对方是和他一样剑宗出身的弟子,虽然谢观棋并不记得少年的脸,只对他的灵力和剑略有印象——谢观棋记得少年的剑叫覆香。
被他记住了剑名的同门,却背着他在讨好林大夫。
这个认知让谢观棋非常不舒服,甚至于生气,刚才一瞬间,他差点就拔剑;但很快谢观棋就意识到,对方无法正面承受他的一剑,所以改换成了手下留情的剑影。
但很快,心底那点微妙的愤怒转变成沉闷不爽,谢观棋低着眉眼冷声道:“趴在地上干什么?看见剑影了就打回去,谁教你第一时间趴下的?”
其实谢观棋很想质问对方是不是小竹教的,他还记得覆香是紫竹林的弟子,是小竹的师弟。
但是最后谢观棋还是没说。
他自己就很讨厌别 人侮辱自己师父,所以即使遇到看不起的修士,认为推己及人,也不应当侮辱别人的师父和师兄。

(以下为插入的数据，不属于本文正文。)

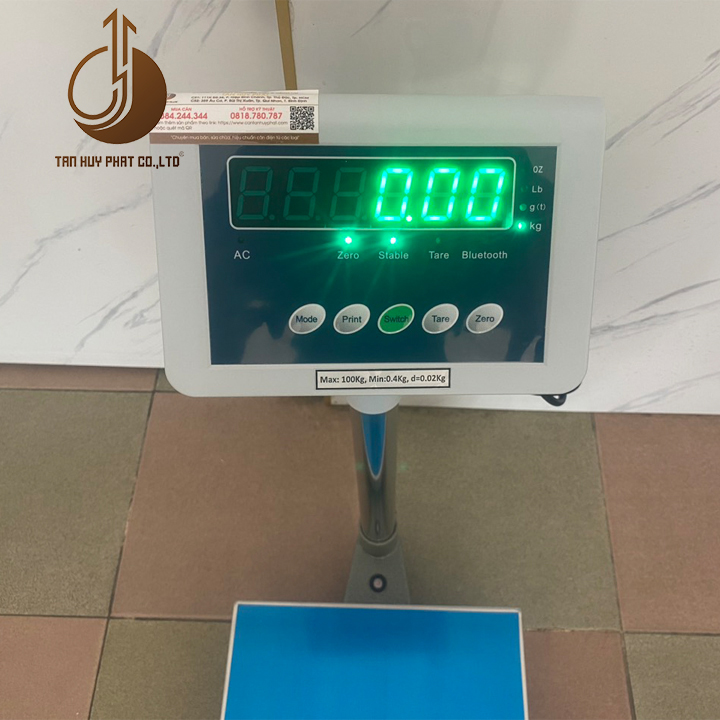 THÔNG SỐ SẢN PHẨM Phân loại lựa chọn (Mức cân tối đa/ Độ chia kiểm tương ứng): 30kg/0.005kg, 60kg/0.01kg, 100kg/0.02kg, 150kg/0.02kg, 200kg/0.05kg. Đơn vị cân mặc định: kg. Cấp chính xác: Class III OIML. Hiển thị: Màn hình LED 6 số xanh, rõ, dễ nhìn. Đèn báo trạng thái: Báo pin/ Ổn định/ Trừ bì. Chế độ nghỉ: Không hỗ trợ. Nguồn cấp: Pin sạc 6V-4AH bật sử dụng liên tục 72 giờ/ Nguồn điện cắm sạc 220V-50Hz (Điện dân dụng) với dây sạc đi kèm. Cổng kết nối: Cổng RS232 đi kèm. Kích thước mặt bàn cân inox: 30 cm x 40 cm (dài x rộng). Chiều cao mặt bàn cân inox so với mặt đất: 11 cm. Chiều cao đầu cân so với mặt đất: 80 cm. Chất liệu: Đầu vỏ nhựa ABS, Khung thép vuông 3 sơn tĩnh điện, mặt bàn cân bằng inox. Mặt cân Inox có thể tháo rời vệ sinh hoặc lật ngược tạo thành đĩa cân lõm giúp hạn chế rơi hàng khi cân. Khả năng chống nước: Khuyến cáo không sử dụng trong môi trường có nước. Thương hiệu: AMCELL - Mỹ (Lắp ráp tại Việt Nam). Bộ sản phẩm: Cân, Dây sac, Hướng dẫn sử dụng tiếng Việt, Phiếu bảo hành nhà cung cấp, Tem thông tin nhà cung cấp.

覆香捂着肩膀爬起来,垂头丧气站着,不敢辩驳——不还嘴也就挨几句训斥,万一还嘴了真被谢师兄抓去对练怎么办?他家大师兄都不够谢师兄单手的。
就是花好可惜,他一大早爬起来去摘的。
谢观棋:“有空在这里面摸鱼,不如回去好好练剑。”
覆香老老实实:“是——”
谢观棋:“花是哪里摘的?”
覆香:“……我们师父园子里的。”
他小心翼翼补充了一句:“谢师兄,你能不能,能不能别告诉我师父啊?”
花是他偷摘的,他师父知道了非罚他不可。
谢观棋皱眉,没说好也没说不好,只是让覆香回去好好修炼,不要整天干些偷花摸鱼,打扰药宗大夫生活的事情。
将覆香打发走了,谢观棋翻墙进回春院里转了一圈,找出扫把和簸箕,把门口台阶上被剑影绞碎的,洒落一地的玫瑰花瓣都给扫干净。
“师妹,今天也有给你送的花噢!”
林争渡一进门,就听见记账师兄调侃的声音。她有点无奈,问:“你就没有看见送花的人?”
记账师兄摊开手:“我每次来开门的时候,花都已经摆在门口了,哪里看得见嘛!不过你也不用烦心,按照我的经验,这种匿名送花的,送上十天半个月,就会忍耐不住自己现身了。”
“而且今天送来的花更好看呢。”
林争渡很快就知道,记账师兄为什么要说今天送来的花更好看了——因为今天的花是插在花瓶里摆好了送过来的。
不似昨天那样风吹风打蔫头蔫脑的模样,插在花瓶里的大红玫瑰每一朵都饱满,娇艳欲滴,花刺也全都被削掉了。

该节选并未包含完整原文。